* **Brief**: Leaving the images aside, transcribe all the data below exactly.

* **Recorded information**:
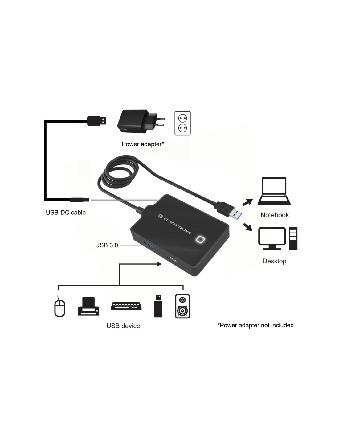 Conceptronic HUBBIES10B, USB 3.2 Gen 1 (3.1 Gen 1) Type-A, Negro, USB 2.0, USB 3.2 Gen 1 (3.1 Gen 1) Type-A, China, 87 mm, 55 mm
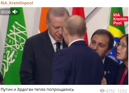 После завершения выступлений в формате аутрич Путин и Эрдоган тепло попрощались.
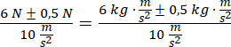 ). Dokonując przekształceń, wyznaczamy masę. Niepewność pomiarowa siłomierza to najmniejsza podziałka – w tym przypadku jest to 0,5 N.

* **Your solution**:
 Conceptronic HUBBIES10B, USB 3.2 Gen 1 (3.1 Gen 1) Type-A, Negro, USB 2.0, USB 3.2 Gen 1 (3.1 Gen 1) Type-A, China, 87 mm, 55 mm
 После завершения выступлений в формате аутрич Путин и Эрдоган тепло попрощались.
 ). Dokonując przekształceń, wyznaczamy masę. Niepewność pomiarowa siłomierza to najmniejsza podziałka – w tym przypadku jest to 0,5 N.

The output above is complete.